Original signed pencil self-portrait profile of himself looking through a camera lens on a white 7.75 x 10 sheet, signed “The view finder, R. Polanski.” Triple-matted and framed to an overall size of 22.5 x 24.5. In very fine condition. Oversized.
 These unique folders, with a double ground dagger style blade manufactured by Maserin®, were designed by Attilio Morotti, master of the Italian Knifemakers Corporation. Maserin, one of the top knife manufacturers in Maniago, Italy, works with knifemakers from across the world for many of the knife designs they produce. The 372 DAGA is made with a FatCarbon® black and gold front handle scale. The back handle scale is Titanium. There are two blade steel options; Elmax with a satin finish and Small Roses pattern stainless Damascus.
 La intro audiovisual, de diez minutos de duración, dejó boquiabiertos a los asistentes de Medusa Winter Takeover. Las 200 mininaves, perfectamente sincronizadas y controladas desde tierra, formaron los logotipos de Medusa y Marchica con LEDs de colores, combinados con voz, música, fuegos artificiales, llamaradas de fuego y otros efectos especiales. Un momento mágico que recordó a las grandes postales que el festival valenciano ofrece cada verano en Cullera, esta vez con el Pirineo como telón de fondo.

--

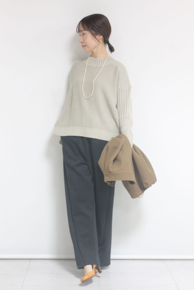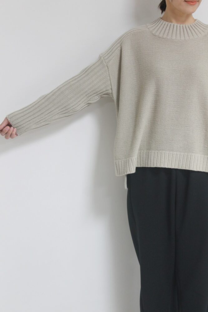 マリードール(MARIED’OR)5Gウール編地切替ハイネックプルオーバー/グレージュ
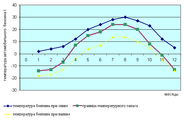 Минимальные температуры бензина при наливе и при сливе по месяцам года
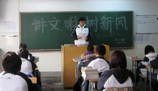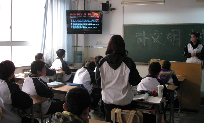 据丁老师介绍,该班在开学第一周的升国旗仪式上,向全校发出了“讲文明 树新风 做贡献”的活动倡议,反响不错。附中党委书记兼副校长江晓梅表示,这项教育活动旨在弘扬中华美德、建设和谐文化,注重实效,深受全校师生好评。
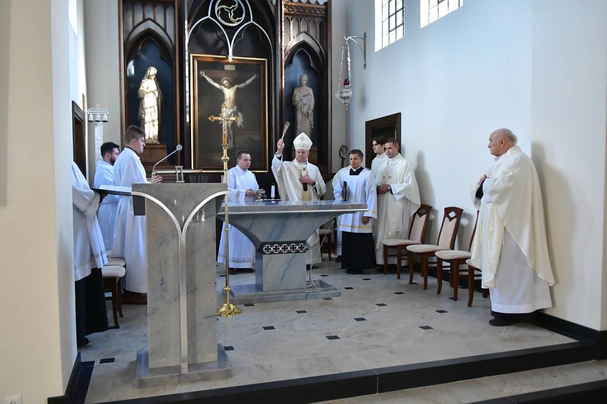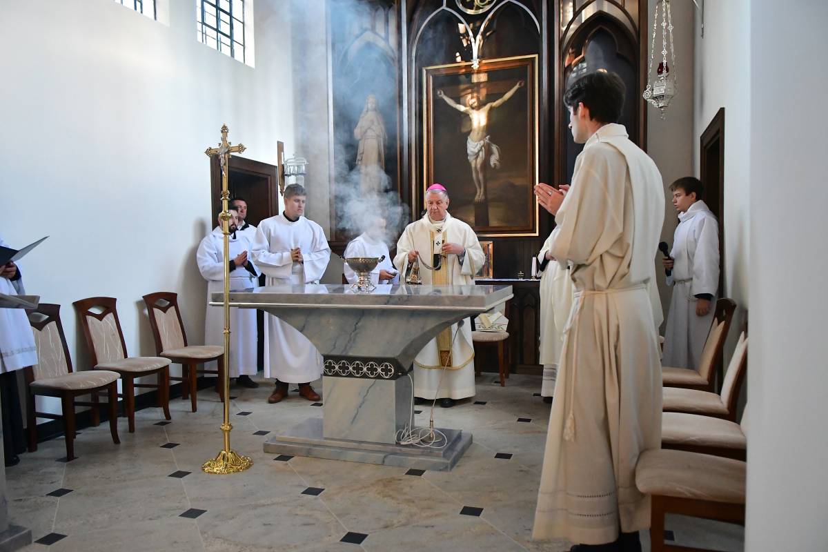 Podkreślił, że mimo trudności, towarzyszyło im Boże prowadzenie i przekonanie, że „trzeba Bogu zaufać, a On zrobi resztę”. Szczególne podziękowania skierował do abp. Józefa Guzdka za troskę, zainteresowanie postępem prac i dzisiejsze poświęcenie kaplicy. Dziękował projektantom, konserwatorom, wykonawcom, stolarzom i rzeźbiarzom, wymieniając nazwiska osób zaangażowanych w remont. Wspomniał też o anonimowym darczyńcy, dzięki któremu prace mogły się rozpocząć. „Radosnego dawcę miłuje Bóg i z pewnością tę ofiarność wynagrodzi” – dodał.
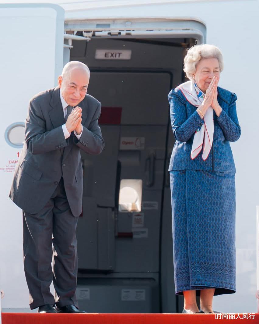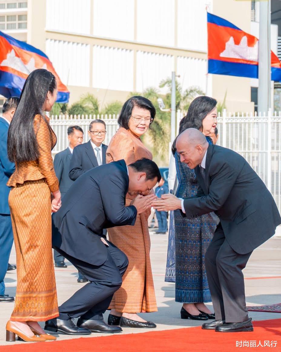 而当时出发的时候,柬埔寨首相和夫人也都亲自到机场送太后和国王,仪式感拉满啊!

> _YOUR ASSIGNMENT_: In the records above, find the line with "Минимальные температуры бензина" and the line with "而当时出发的时候,柬埔寨首相和夫人也都亲自到机场送太后和国王,仪式感拉满啊!"; please transcribe exactly those two lines and all lines between them, omitting any picture.

> _FINISHED TASK_:
 Минимальные температуры бензина при наливе и при сливе по месяцам года
 据丁老师介绍,该班在开学第一周的升国旗仪式上,向全校发出了“讲文明 树新风 做贡献”的活动倡议,反响不错。附中党委书记兼副校长江晓梅表示,这项教育活动旨在弘扬中华美德、建设和谐文化,注重实效,深受全校师生好评。
 Podkreślił, że mimo trudności, towarzyszyło im Boże prowadzenie i przekonanie, że „trzeba Bogu zaufać, a On zrobi resztę”. Szczególne podziękowania skierował do abp. Józefa Guzdka za troskę, zainteresowanie postępem prac i dzisiejsze poświęcenie kaplicy. Dziękował projektantom, konserwatorom, wykonawcom, stolarzom i rzeźbiarzom, wymieniając nazwiska osób zaangażowanych w remont. Wspomniał też o anonimowym darczyńcy, dzięki któremu prace mogły się rozpocząć. „Radosnego dawcę miłuje Bóg i z pewnością tę ofiarność wynagrodzi” – dodał.
 而当时出发的时候,柬埔寨首相和夫人也都亲自到机场送太后和国王,仪式感拉满啊!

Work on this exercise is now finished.